Note also that these were the standard leftie views on trans back in the 1990s, which is when I first heard about it. My beliefs weren't invented from whole cloth as you state. At the time the common understanding was that gender dysphoria is such a debilitating medical condition that accommodating those rare individuals afflicted by this should be done to help them deal with it better. Sort of like how disabled people are provided ramps for access - it was the right thing to do to help a marginalized group.

Anyway my point was more about intolerance of dissenting views on this topic in particular. Being permanently banned from that Discord was an unpleasant surprise when I was just expressing a viewpoint that was previously how most on the left understood the issue.

On the plus side it did help me understand the perspectives on the other side better. I'd previously considered "terfs" to be nothing more than vicious bigots, but once I understood that the trans umbrella had been expanded to include those without gender dysphoria, including men that back in the day would have just been considered common transvestites and not transsexual at all, some of their arguments began to make sense.

Now I'm more middle-ground on the issue, which isn't a bad place to be.

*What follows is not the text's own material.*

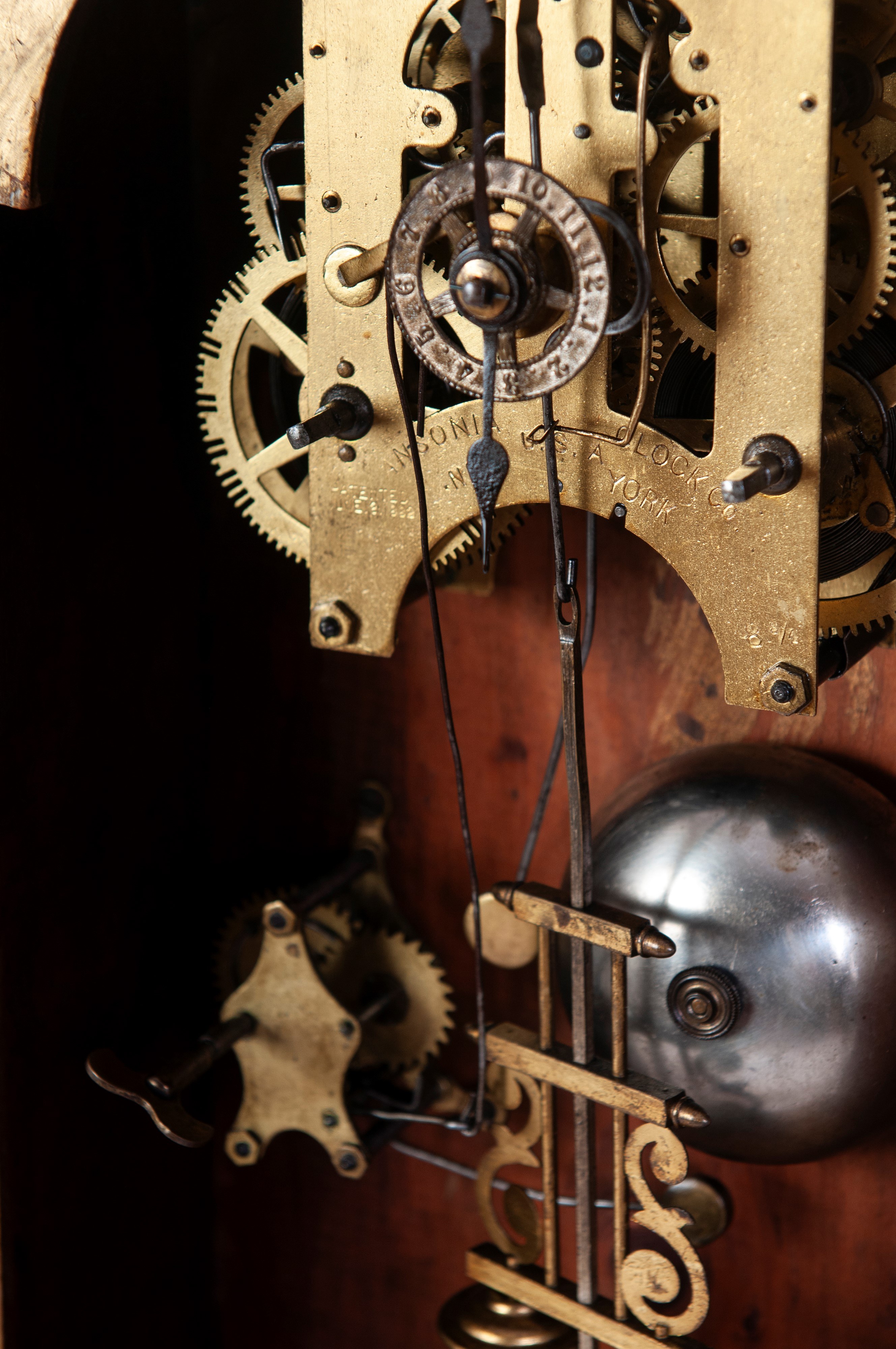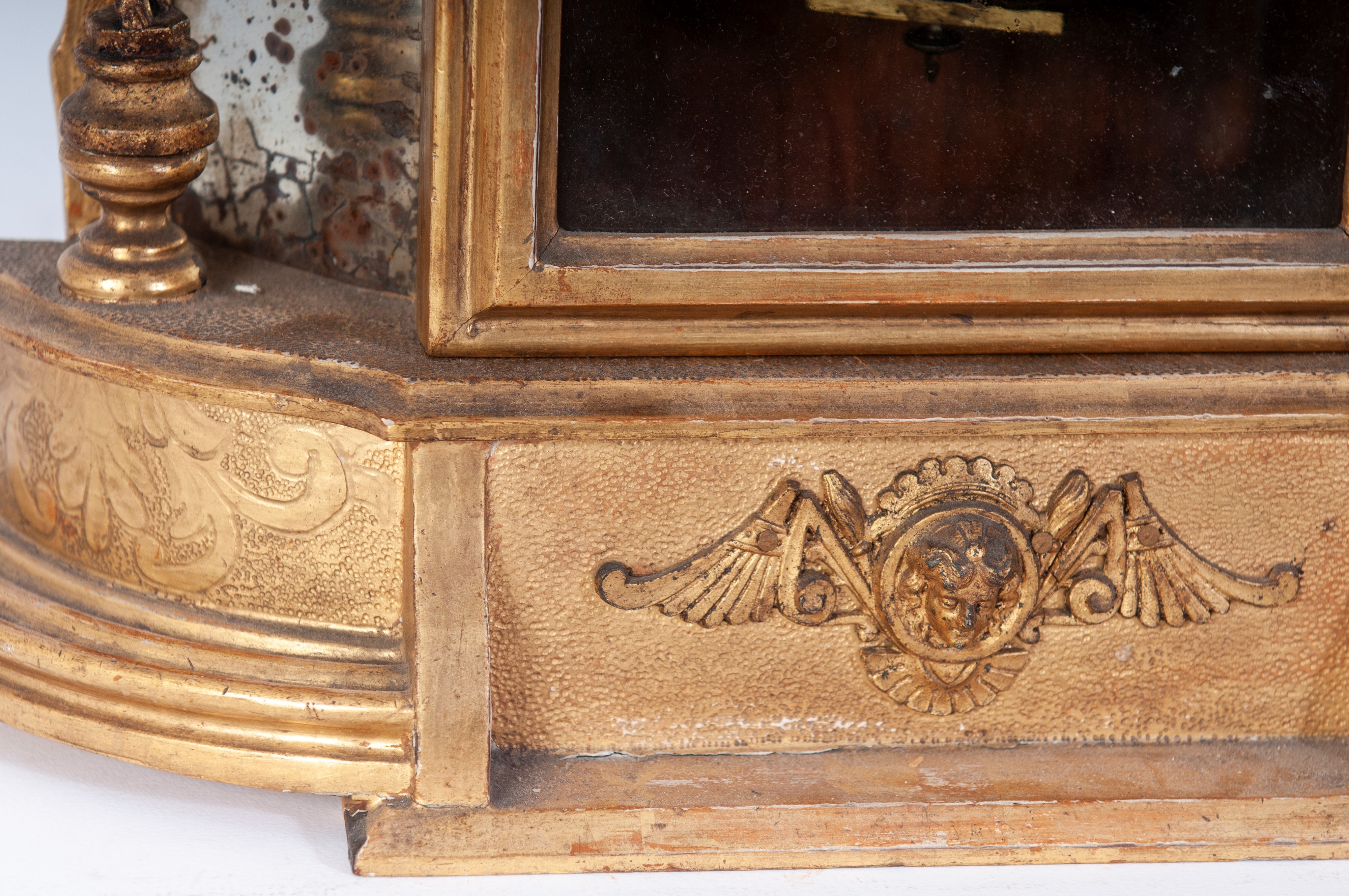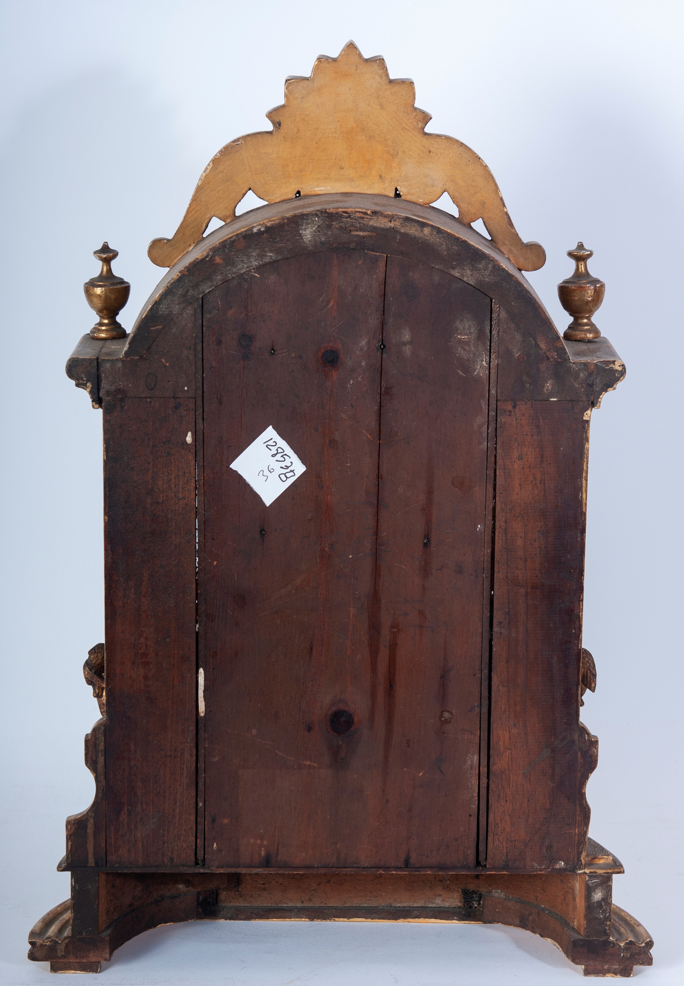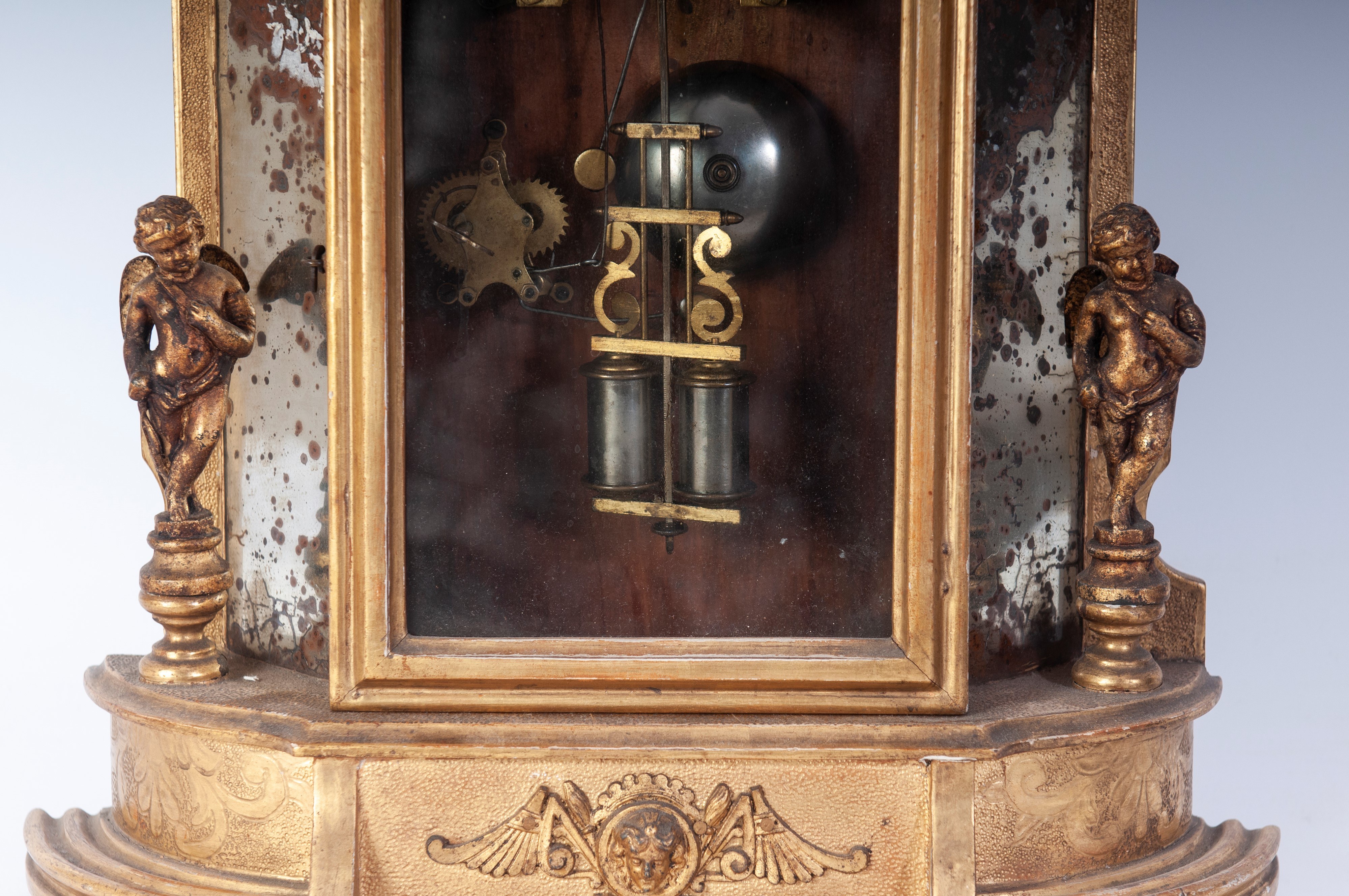Pendulum mechanism with band spacer. Hourly and half-hour repeater. Gilded wooden case with decorative gilded metal cherub-shaped elements. Untested and signed Ansonia clock and co.

This also inspired me rethink other political stances that I had adopted without analyzing them too deeply. So overall I suppose being kicked out of this community was a good thing as it broadened my mind. It also helped me see first hand how political echo chambers are constructed.






No, it is a bad place to be! TERFs are wrong on the facts and wrong on the values.

You completely missed the reason transmedicalism fell out of favor. It's because doctors were given the power to judge if you were truly trans. The way it played out is that they had too much power and routinely abused it in horrifying ways. That is still the case in some medical systems like the adolescent care in Finland, where the doctors ask teenagers questions that if I were asked at that age I would be traumatized for life. It's sickening.

Modern informed-consent trans healthcare is patient-driven. It turns out that if you've put in the effort to seek it out, you almost certainly are trans. Cisgender people do not make a habit of seeking out trans care, because the act of doing so generally induces gender dysphoria.

Gender dysphoria manifests in several ways — anecdotally, distress at current hormone profile is by far the most common. A belief that bottom surgery must be required is not evidence-based, in the sense that it leads to worse outcomes. It is cis people's projection of their own internal insecurities about sex and gender.

(I do agree by the way that gender dysphoria and healthcare need to be recentered in these discussions. But we have a broader understanding of it than we used to, which is good.)

Anyway, you're welcome to find my GitHub and see all of the open source work I've done. It's work that is, among other things, saves several corporations 8+ figures in CI costs annually each. That only happened because I had a safe environment to transition in. If I hadn't been able to transition and be treated with respect, that wouldn't have happened. (More generally speaking, without trans people Rust wouldn't have happened either, and the IT world would be much worse off! In my experience, people in elite engineering teams fully understand this. TERFism is like Uncle Bob — it appeals mostly to mediocre minds.)